To evaluate the models, we import ``` MulticlassClassificationEvaluator ```, which will give us an accuracy metric


In [16]:
from pyspark.ml.evaluation import MulticlassClassificationEvaluator
evaluator = MulticlassClassificationEvaluator(metricName='accuracy')

And we display it

In [23]:
print(f'DTC: {evaluator.evaluate(dtc_preds)} \t Features Importance: {dtc_model.featureImportances}') 
print(f'RFC: {evaluator.evaluate(rfc_preds)}  Features Importance: {rfc_model.featureImportances}')
print(f'GBT: {evaluator.evaluate(gbt_preds)} \t Features Importance: {gbt_model.featureImportances}')

DTC: 0.959731543624161 	 Features Importance: (4,[0,1,2,3],[0.010142105007278246,0.0016897828403142857,0.96352393472086,0.024644177431547582])
RFC: 0.9664429530201343  Features Importance: (4,[0,1,2,3],[0.025437259862519997,0.024627784289245877,0.9287766018080698,0.021158354040164428])
GBT: 0.959731543624161 	 Features Importance: (4,[0,1,2,3],[0.008071973502739728,0.03292367928105117,0.9086511641861458,0.05035318303006327])
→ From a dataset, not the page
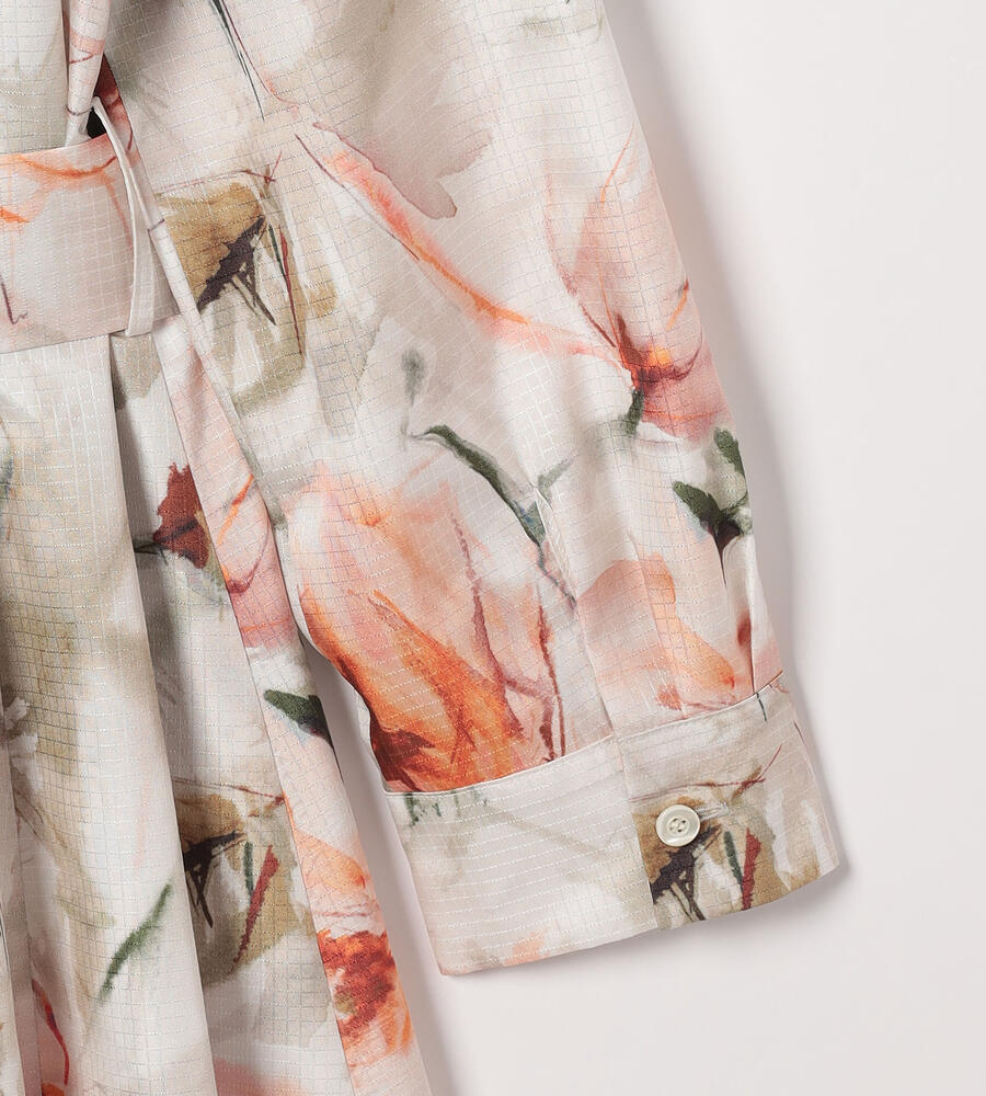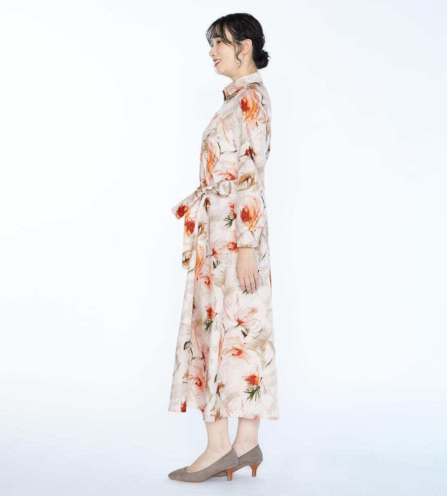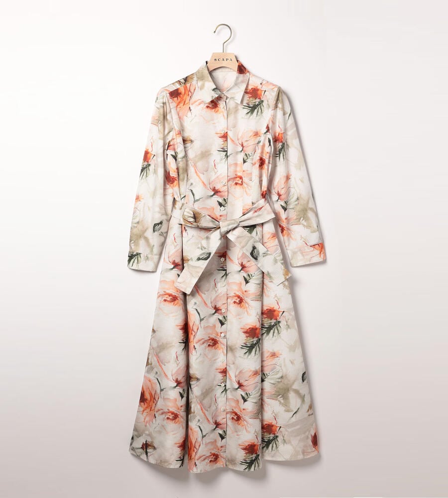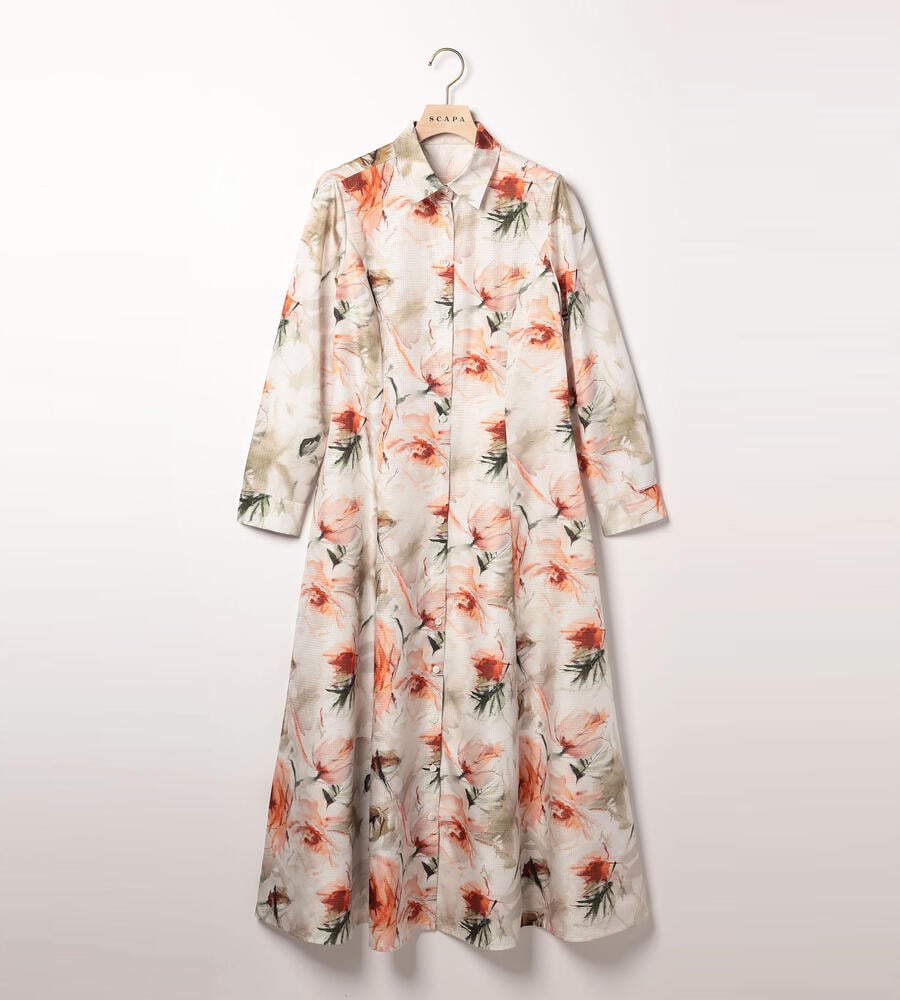 リップストップのような格子柄を織り込んだ生地に、水彩画のようなボタニカルプリントを乗せたワンピース。光沢とハリのある素材感で、着こなしを凛とした印象に仕上げます。ウエストをきゅっと結ぶリボンで、メリハリもプラス。アンダードレス付き。

As we can see, all methods have a quite similar (and quite high!) accuracy score, with the three of them coinciding in atttributing the 3rd column (**Preservative C**) an outsize influence (> 90%) on dog food spoilage. 

Thus, we can conclude that it is **Preservative C** which is the most responsible for Dog Food Spoilage, and we can recommend for it to stop being used.